Problem description:
Exact copies of the records below are needed, free of pictures.

Source records:
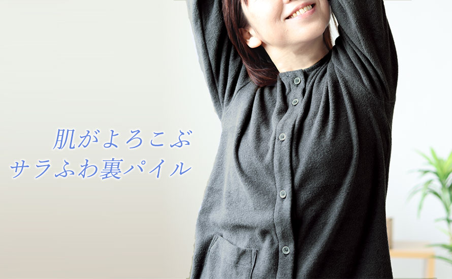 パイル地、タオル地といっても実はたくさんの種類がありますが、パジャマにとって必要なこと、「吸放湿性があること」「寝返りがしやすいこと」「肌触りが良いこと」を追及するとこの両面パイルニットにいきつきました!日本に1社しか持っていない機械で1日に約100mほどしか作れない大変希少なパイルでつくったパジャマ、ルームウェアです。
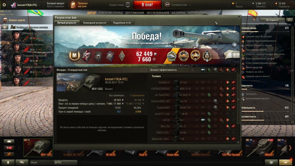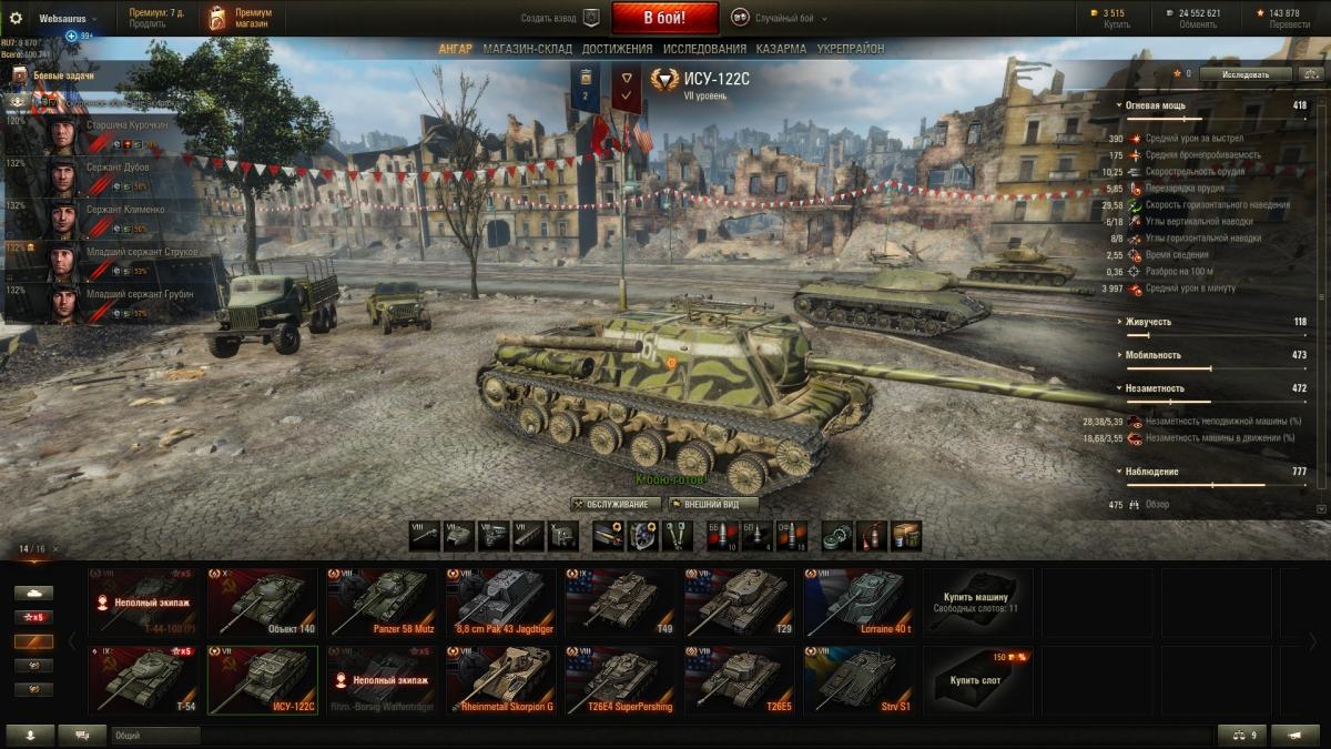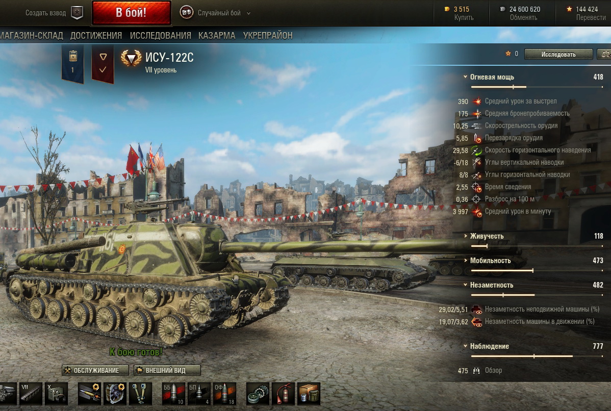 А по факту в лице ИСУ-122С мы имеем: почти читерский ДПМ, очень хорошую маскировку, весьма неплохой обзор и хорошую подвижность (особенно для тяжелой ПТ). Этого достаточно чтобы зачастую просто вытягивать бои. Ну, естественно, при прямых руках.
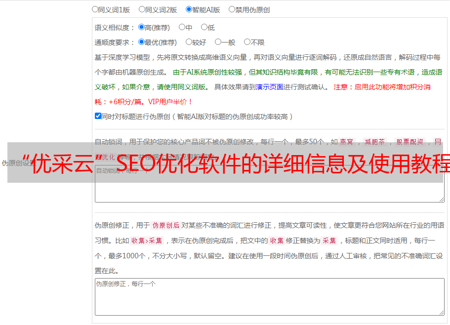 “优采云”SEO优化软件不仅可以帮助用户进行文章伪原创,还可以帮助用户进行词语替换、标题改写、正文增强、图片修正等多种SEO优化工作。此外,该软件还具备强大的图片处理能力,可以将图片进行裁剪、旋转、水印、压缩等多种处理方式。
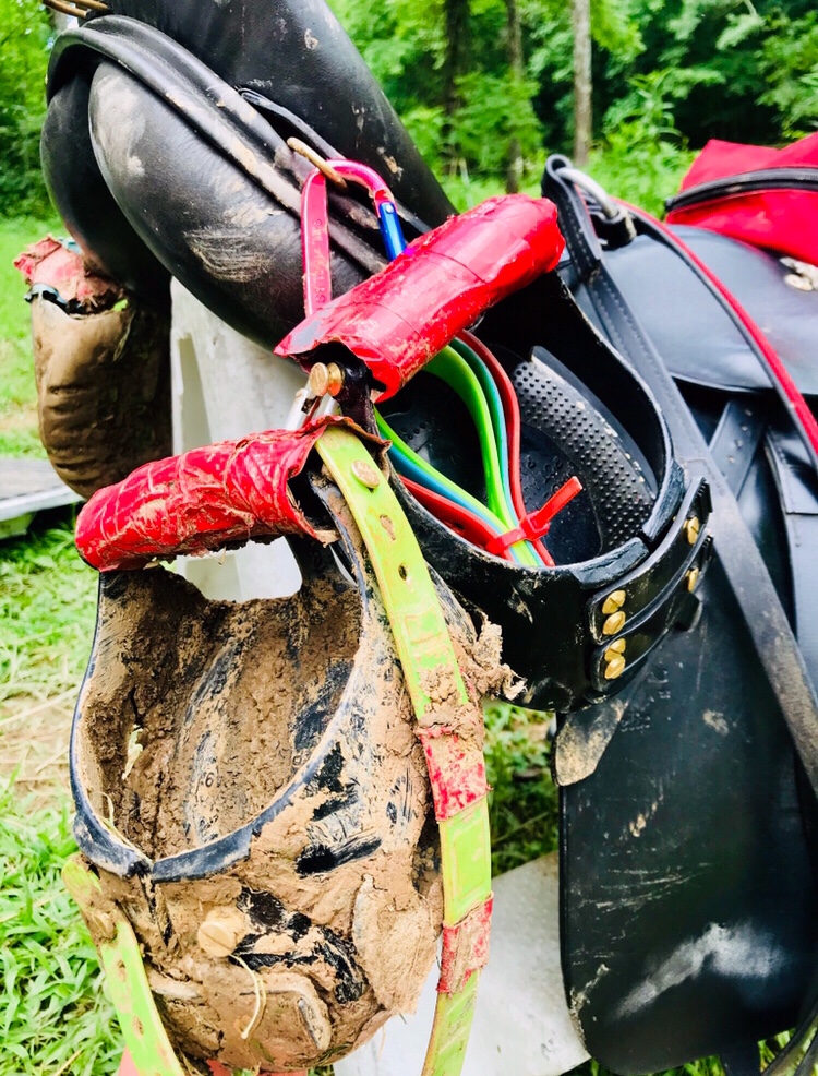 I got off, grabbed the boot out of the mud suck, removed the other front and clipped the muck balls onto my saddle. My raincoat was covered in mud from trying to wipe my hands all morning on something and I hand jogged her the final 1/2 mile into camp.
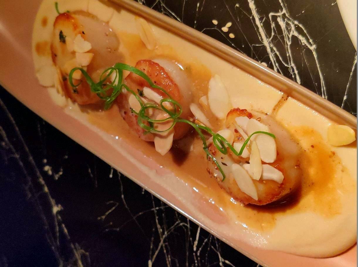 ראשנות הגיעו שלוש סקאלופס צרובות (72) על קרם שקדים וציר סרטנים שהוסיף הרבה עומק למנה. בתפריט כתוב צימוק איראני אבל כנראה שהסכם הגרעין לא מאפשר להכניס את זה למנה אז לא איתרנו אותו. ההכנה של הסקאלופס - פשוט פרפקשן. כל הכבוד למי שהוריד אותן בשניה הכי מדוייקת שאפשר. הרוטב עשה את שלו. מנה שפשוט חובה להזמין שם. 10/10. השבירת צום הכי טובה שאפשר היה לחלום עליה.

Answer section:
 パイル地、タオル地といっても実はたくさんの種類がありますが、パジャマにとって必要なこと、「吸放湿性があること」「寝返りがしやすいこと」「肌触りが良いこと」を追及するとこの両面パイルニットにいきつきました!日本に1社しか持っていない機械で1日に約100mほどしか作れない大変希少なパイルでつくったパジャマ、ルームウェアです。
 А по факту в лице ИСУ-122С мы имеем: почти читерский ДПМ, очень хорошую маскировку, весьма неплохой обзор и хорошую подвижность (особенно для тяжелой ПТ). Этого достаточно чтобы зачастую просто вытягивать бои. Ну, естественно, при прямых руках.
 “优采云”SEO优化软件不仅可以帮助用户进行文章伪原创,还可以帮助用户进行词语替换、标题改写、正文增强、图片修正等多种SEO优化工作。此外,该软件还具备强大的图片处理能力,可以将图片进行裁剪、旋转、水印、压缩等多种处理方式。
 I got off, grabbed the boot out of the mud suck, removed the other front and clipped the muck balls onto my saddle. My raincoat was covered in mud from trying to wipe my hands all morning on something and I hand jogged her the final 1/2 mile into camp.
 ראשנות הגיעו שלוש סקאלופס צרובות (72) על קרם שקדים וציר סרטנים שהוסיף הרבה עומק למנה. בתפריט כתוב צימוק איראני אבל כנראה שהסכם הגרעין לא מאפשר להכניס את זה למנה אז לא איתרנו אותו. ההכנה של הסקאלופס - פשוט פרפקשן. כל הכבוד למי שהוריד אותן בשניה הכי מדוייקת שאפשר. הרוטב עשה את שלו. מנה שפשוט חובה להזמין שם. 10/10. השבירת צום הכי טובה שאפשר היה לחלום עליה.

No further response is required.